Thursday, 16 March 2017

Howard’s End – E. M. Forster

How I suffered. It’s not like any of this was unexpected (quite the opposite as, thanks to the help of Merchant-Ivory productions, the plot had very few surprises for me), but it’s all so heart-breaking. I very much like to identify with poor Mr Bast (it’s not as if I came from a poor family, but I am still the first kid to go to university, and went to another country – and LSE and Cambridge at that – and scrubbed dishes six nights a week for three years in order to pay my own expenses and feel like a pseudo-proletarian).
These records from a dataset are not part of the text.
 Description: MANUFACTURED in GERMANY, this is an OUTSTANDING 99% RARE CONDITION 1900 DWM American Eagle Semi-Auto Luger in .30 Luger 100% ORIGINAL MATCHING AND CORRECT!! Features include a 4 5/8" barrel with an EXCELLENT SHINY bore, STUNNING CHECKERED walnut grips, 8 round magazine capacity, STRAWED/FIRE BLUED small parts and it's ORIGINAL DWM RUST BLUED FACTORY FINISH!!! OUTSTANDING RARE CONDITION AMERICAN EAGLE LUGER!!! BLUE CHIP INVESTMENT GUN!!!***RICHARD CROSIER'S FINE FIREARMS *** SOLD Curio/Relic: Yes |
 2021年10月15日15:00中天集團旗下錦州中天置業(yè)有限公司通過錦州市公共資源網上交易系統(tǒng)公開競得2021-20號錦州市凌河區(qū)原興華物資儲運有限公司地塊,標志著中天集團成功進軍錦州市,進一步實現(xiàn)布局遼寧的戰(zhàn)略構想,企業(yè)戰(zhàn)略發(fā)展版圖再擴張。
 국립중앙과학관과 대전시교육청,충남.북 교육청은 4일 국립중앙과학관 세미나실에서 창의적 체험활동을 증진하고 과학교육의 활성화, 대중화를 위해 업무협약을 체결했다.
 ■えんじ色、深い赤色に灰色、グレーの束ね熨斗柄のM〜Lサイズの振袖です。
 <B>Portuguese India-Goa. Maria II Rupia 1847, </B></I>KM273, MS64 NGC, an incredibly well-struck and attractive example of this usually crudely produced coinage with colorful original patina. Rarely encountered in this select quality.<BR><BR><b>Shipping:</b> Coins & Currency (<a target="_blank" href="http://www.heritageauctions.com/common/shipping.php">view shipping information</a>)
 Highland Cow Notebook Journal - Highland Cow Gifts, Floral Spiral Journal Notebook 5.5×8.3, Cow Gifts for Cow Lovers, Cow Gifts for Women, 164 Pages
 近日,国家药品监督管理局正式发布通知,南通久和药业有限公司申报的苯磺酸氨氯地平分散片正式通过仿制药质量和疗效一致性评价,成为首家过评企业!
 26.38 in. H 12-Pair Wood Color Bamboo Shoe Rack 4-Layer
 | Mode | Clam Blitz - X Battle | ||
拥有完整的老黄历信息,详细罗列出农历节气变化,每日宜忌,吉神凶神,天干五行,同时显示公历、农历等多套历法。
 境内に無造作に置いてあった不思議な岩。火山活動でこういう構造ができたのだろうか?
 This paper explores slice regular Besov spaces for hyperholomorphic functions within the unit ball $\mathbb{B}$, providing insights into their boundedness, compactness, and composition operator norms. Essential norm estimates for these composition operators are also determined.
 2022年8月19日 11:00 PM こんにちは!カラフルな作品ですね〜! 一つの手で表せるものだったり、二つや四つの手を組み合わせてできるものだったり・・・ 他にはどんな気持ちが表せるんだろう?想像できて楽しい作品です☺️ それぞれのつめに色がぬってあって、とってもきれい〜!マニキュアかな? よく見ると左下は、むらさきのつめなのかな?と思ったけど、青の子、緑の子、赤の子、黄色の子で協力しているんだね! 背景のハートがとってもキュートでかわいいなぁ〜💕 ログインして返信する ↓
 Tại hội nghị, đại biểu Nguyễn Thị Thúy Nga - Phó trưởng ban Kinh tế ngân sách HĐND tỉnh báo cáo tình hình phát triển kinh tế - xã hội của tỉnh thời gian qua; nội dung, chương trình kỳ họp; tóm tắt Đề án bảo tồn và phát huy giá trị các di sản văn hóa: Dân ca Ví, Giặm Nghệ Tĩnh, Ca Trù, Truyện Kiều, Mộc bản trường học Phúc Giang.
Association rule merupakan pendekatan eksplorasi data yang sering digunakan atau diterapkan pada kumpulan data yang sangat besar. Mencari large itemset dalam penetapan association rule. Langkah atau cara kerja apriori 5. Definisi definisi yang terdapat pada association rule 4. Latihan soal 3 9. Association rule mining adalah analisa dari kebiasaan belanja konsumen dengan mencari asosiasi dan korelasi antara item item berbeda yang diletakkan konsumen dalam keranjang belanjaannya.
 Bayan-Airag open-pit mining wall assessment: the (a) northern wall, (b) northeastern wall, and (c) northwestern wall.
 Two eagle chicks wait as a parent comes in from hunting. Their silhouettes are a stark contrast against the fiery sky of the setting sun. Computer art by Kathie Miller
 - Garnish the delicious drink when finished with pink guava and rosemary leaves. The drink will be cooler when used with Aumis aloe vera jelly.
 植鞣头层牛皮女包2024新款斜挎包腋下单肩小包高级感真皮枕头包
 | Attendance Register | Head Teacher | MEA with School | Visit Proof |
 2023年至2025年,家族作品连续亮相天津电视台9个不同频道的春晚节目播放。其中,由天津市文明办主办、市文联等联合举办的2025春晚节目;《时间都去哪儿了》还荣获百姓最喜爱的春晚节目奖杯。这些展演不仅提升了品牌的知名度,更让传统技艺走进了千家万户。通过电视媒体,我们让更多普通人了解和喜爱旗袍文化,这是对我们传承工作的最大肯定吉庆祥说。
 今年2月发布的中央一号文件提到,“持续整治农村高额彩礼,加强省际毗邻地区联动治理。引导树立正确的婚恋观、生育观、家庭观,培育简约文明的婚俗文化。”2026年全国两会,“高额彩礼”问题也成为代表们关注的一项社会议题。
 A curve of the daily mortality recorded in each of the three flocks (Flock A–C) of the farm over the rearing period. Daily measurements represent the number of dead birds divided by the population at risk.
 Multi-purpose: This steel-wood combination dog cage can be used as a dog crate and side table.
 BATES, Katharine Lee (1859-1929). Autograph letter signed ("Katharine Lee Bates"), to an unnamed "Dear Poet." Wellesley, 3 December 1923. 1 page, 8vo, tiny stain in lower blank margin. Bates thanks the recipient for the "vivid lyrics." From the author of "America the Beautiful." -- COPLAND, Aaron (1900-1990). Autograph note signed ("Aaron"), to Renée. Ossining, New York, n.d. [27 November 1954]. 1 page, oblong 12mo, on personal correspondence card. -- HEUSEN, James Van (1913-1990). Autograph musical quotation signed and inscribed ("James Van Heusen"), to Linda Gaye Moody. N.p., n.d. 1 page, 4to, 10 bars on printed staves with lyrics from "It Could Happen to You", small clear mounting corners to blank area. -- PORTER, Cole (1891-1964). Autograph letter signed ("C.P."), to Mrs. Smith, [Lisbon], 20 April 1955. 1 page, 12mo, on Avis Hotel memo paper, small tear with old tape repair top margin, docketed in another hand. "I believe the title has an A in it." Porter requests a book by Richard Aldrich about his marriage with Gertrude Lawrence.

Seeing him ultimately mistreated by people who (in some cases) mean well but fundamentally only see him as their own little project and not as, erm, a person, is just too much.

Sure, Charles will go to jail following Bast’s death, and his own kid (whom he will never meet) is going to inherit Howards End and be all posh – but that doesn’t even begin to make up for a stupid death under piles of books or the awfulness of not being in control of one’s own life because some do-gooders who are completely out of touch with reality secretly (or not so much at times) think that they know what’s best for everyone.

Being Forster, it’s obviously superbly written, but this story just gets me so very worked up!

Tuesday, 14 March 2017

Humboldt’s Gift – Saul Bellow

The first (and so far only) book I’ve ever bought from Skoob near Russell Square, and one that I got mostly because my dad remembers loving it but couldn’t recall a single element of the plot.

Sadly enough, this is a Bellow novel that I liked, but that’s about it. In many ways I didn’t think it was Jewish enough (compared to Mr Sammler’s Planet) or sufficiently innovative (compared to Herzog).

I found Renata to be hardly believable, and Citrine himself to be hardly likeable. Again, like the pickpocket in Mr Sammler’s Planet, the criminal Cantabile was for me the most interesting character in the story (and whenever he is around the book becomes immediately more interesting).

Or maybe I’m just overcritical because I don’t like how rich Citrine is and I got upset thinking that in the end everything worked out and that Humboldt really did leave him a great gift. 

Friday, 10 March 2017

In Cold Blood – Truman Capote

I actually had to wait for my wife and baby daughter to be quite literally on the other side of the planet (Brazil) before I could muster the strength and courage to read this book. And to think that when I was young I thought that Capote had just written Breakfast at Tiffany’s and nothing else…

The opening chapter was, for me, by far the hardest to read – not so much because of the brutality of the scenes (I was already quite familiar with the story), but because I was almost physically sick by the point Nancy’s friend found the first body and couldn’t stop thinking of Bobby Rupp (Nancy’s boyfriend) and what he must have experienced.

The rest of the book didn’t have many surprises, but it did end with the added (and for me really unexpected) drama of the stories of Lowell Lee Andrews, George York and James Latham – and all the people they killed before joining Perry and Dick on the death row – and that so nearly tipped me over the edge.

Friday, 3 March 2017

The House of Spirits – Isabel Allende

Am I being overly harsh or is this book simply not of the same standard as Paula? The answer is that maybe I’ve just completely outgrown magical realism (which is sad, because back in the day I had loved A Hundred Years of Solitude so very much).

I honestly think that, had it not been for Clara’s extra sensory abilities, I would have enjoyed the novel a lot more. And I would have probably also liked it better if the characters weren’t ultimately representations of various social and political groups (and periods) in Chilean history (the roman à clef as a genre often gets a bit on my nerves). And the fact that Allende also openly declares that Blanca never married Pedro Tercero because she didn’t love him enough just stings – the guy deserved better.

But then again, most of this probably applies only to 85% of the book, because from the moment Alba gets arrested the novel gains massively in literary, political and moral weight (although it’s really too bad that Allende picked the allegoric name of Alba/Dawn for the character that is meant to symbolize hope for the future – think outside the box!)